## Problem statement
Please restate each line of the data that follows word for word, skipping any image.

(Source records)
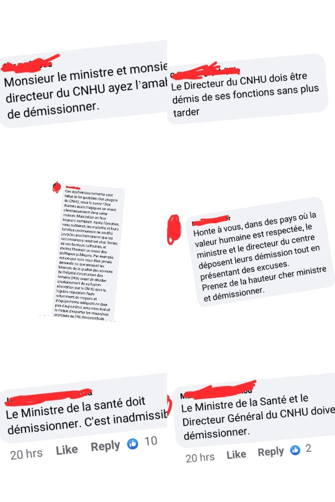 Sur la toile, le gouvernement et surtout le Ministre de la Santé est pris en sandwich. Au cœur de commentaires acerbe et parfois désobligeant, Benjamin Hounkpatin est invité à rendre les clés de son département ministériel. « Le ministre de la santé doit démissionner, c’est une honte », a écrit un internaute suite à la publication du communiqué signé de Benjamin Hounkpatin sur la situation.
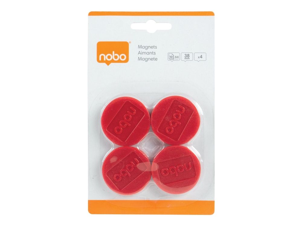 Nobo - Magnet - 3,8 cm diameter - röd (paket om 4) - för P/N: 1900930, 1901043, 1902454, 1902455, Q18090MB, QB05442CD, QBPE1290, QBPE1812, QBPE9060
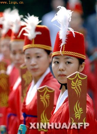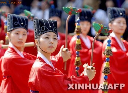 在韩国首都首尔,传统舞蹈剧团在纪念孔子的活动中表演。 新华社/法新
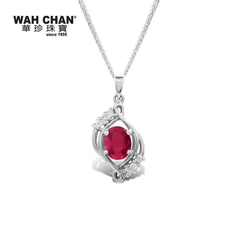 Set in luminous 9k white gold, this ruby and diamond pendant from Wah Chan is a striking symbol of passion and grace. A vivid ruby takes centre stage, cradled within an elegant frame of gently curving lines and accented by shimmering diamonds. The fluid silhouette and rich colour palette evoke heartfelt emotion and timeless beauty. Crafted with care and tradition, this pendant is a meaningful gift for life’s most treasured milestones, from romantic anniversaries to personal celebrations of love and strength.
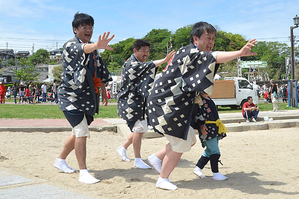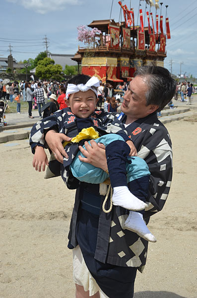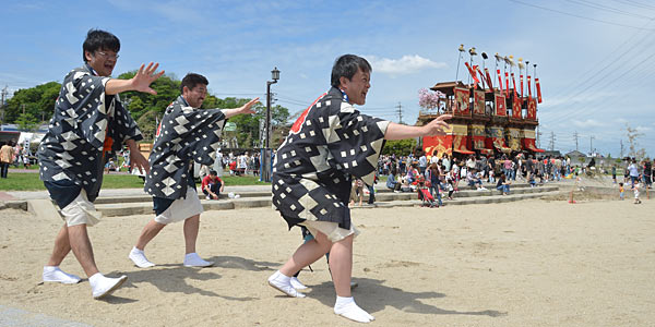 定刻に山車の海浜曳き下ろしが終わり、5輌が浜辺に整列した
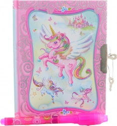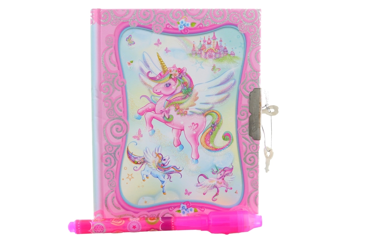 Jurnal secret fermecat pentru micile domnișoare, cu motiv unicorn. Datorită stiloului special, îți poți scrie secretele cu cerneală invizibilă și le poți citi doar sub lumina UV de la capătul stiloului. Jurnalul este protejat cu 2 chei, astfel încât notițele tale rămân în siguranță. Dimensiunile compacte aprox. 11 × 14 × 2 cm încap atât în ghiozdan, cât și în sertar.

## Your response
 Sur la toile, le gouvernement et surtout le Ministre de la Santé est pris en sandwich. Au cœur de commentaires acerbe et parfois désobligeant, Benjamin Hounkpatin est invité à rendre les clés de son département ministériel. « Le ministre de la santé doit démissionner, c’est une honte », a écrit un internaute suite à la publication du communiqué signé de Benjamin Hounkpatin sur la situation.
 Nobo - Magnet - 3,8 cm diameter - röd (paket om 4) - för P/N: 1900930, 1901043, 1902454, 1902455, Q18090MB, QB05442CD, QBPE1290, QBPE1812, QBPE9060
 在韩国首都首尔,传统舞蹈剧团在纪念孔子的活动中表演。 新华社/法新
 Set in luminous 9k white gold, this ruby and diamond pendant from Wah Chan is a striking symbol of passion and grace. A vivid ruby takes centre stage, cradled within an elegant frame of gently curving lines and accented by shimmering diamonds. The fluid silhouette and rich colour palette evoke heartfelt emotion and timeless beauty. Crafted with care and tradition, this pendant is a meaningful gift for life’s most treasured milestones, from romantic anniversaries to personal celebrations of love and strength.
 定刻に山車の海浜曳き下ろしが終わり、5輌が浜辺に整列した
 Jurnal secret fermecat pentru micile domnișoare, cu motiv unicorn. Datorită stiloului special, îți poți scrie secretele cu cerneală invizibilă și le poți citi doar sub lumina UV de la capătul stiloului. Jurnalul este protejat cu 2 chei, astfel încât notițele tale rămân în siguranță. Dimensiunile compacte aprox. 11 × 14 × 2 cm încap atât în ghiozdan, cât și în sertar.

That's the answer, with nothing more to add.